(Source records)
------------------------------------------------------------------------

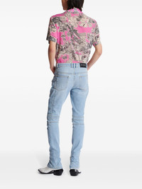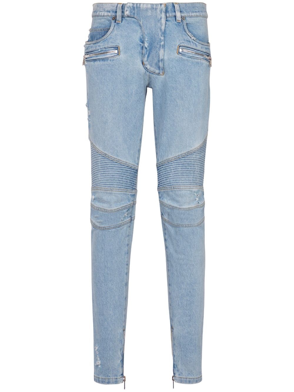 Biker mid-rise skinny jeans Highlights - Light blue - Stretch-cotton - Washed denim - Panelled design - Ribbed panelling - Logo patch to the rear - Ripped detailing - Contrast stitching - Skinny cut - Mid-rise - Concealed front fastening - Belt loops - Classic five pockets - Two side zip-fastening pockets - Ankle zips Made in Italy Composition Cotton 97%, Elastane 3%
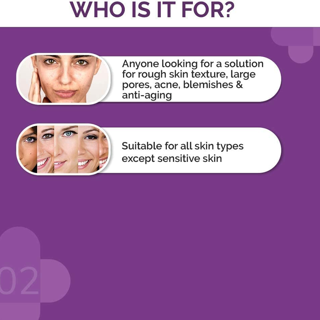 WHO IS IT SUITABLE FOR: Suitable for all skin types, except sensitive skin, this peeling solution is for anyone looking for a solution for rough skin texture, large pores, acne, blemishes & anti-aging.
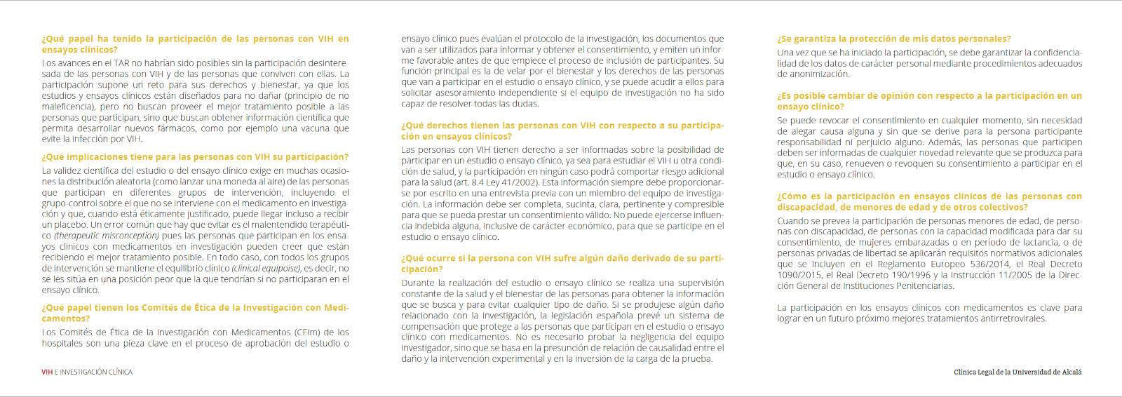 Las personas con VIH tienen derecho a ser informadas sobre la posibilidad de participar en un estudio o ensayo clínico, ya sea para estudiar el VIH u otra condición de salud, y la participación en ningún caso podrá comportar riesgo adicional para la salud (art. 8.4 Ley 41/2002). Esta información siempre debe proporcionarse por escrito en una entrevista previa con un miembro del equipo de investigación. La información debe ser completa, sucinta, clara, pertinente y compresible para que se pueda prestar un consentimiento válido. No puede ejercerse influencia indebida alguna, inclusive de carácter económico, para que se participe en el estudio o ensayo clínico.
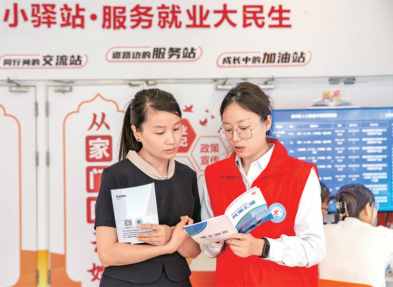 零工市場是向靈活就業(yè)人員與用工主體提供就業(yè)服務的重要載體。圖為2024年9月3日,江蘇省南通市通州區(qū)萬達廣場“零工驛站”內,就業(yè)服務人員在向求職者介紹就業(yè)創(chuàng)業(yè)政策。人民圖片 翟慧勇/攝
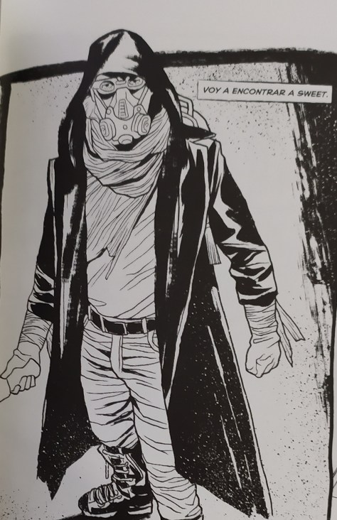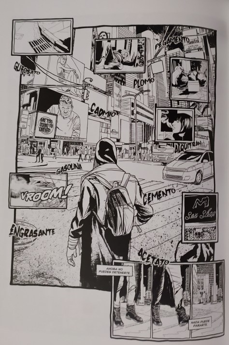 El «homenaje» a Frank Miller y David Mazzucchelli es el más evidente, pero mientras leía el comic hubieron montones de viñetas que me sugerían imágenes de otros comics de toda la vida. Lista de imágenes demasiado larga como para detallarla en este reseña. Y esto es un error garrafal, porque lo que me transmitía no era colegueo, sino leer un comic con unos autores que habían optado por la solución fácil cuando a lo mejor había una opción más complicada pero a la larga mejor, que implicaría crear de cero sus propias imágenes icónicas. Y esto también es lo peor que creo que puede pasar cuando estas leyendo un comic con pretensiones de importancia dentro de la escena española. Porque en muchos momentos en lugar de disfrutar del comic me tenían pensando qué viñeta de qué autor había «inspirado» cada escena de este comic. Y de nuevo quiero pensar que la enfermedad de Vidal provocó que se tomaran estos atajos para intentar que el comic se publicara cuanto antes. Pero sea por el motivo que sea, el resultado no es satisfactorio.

------------------------------------------------------------------------

• EXERCISE AIM: The data is to be printed again exactly, but without its pictures.

• SOLUTION TO THIS EXERCISE:
 Biker mid-rise skinny jeans Highlights - Light blue - Stretch-cotton - Washed denim - Panelled design - Ribbed panelling - Logo patch to the rear - Ripped detailing - Contrast stitching - Skinny cut - Mid-rise - Concealed front fastening - Belt loops - Classic five pockets - Two side zip-fastening pockets - Ankle zips Made in Italy Composition Cotton 97%, Elastane 3%
 WHO IS IT SUITABLE FOR: Suitable for all skin types, except sensitive skin, this peeling solution is for anyone looking for a solution for rough skin texture, large pores, acne, blemishes & anti-aging.
 Las personas con VIH tienen derecho a ser informadas sobre la posibilidad de participar en un estudio o ensayo clínico, ya sea para estudiar el VIH u otra condición de salud, y la participación en ningún caso podrá comportar riesgo adicional para la salud (art. 8.4 Ley 41/2002). Esta información siempre debe proporcionarse por escrito en una entrevista previa con un miembro del equipo de investigación. La información debe ser completa, sucinta, clara, pertinente y compresible para que se pueda prestar un consentimiento válido. No puede ejercerse influencia indebida alguna, inclusive de carácter económico, para que se participe en el estudio o ensayo clínico.
 零工市場是向靈活就業(yè)人員與用工主體提供就業(yè)服務的重要載體。圖為2024年9月3日,江蘇省南通市通州區(qū)萬達廣場“零工驛站”內,就業(yè)服務人員在向求職者介紹就業(yè)創(chuàng)業(yè)政策。人民圖片 翟慧勇/攝
 El «homenaje» a Frank Miller y David Mazzucchelli es el más evidente, pero mientras leía el comic hubieron montones de viñetas que me sugerían imágenes de otros comics de toda la vida. Lista de imágenes demasiado larga como para detallarla en este reseña. Y esto es un error garrafal, porque lo que me transmitía no era colegueo, sino leer un comic con unos autores que habían optado por la solución fácil cuando a lo mejor había una opción más complicada pero a la larga mejor, que implicaría crear de cero sus propias imágenes icónicas. Y esto también es lo peor que creo que puede pasar cuando estas leyendo un comic con pretensiones de importancia dentro de la escena española. Porque en muchos momentos en lugar de disfrutar del comic me tenían pensando qué viñeta de qué autor había «inspirado» cada escena de este comic. Y de nuevo quiero pensar que la enfermedad de Vidal provocó que se tomaran estos atajos para intentar que el comic se publicara cuanto antes. Pero sea por el motivo que sea, el resultado no es satisfactorio.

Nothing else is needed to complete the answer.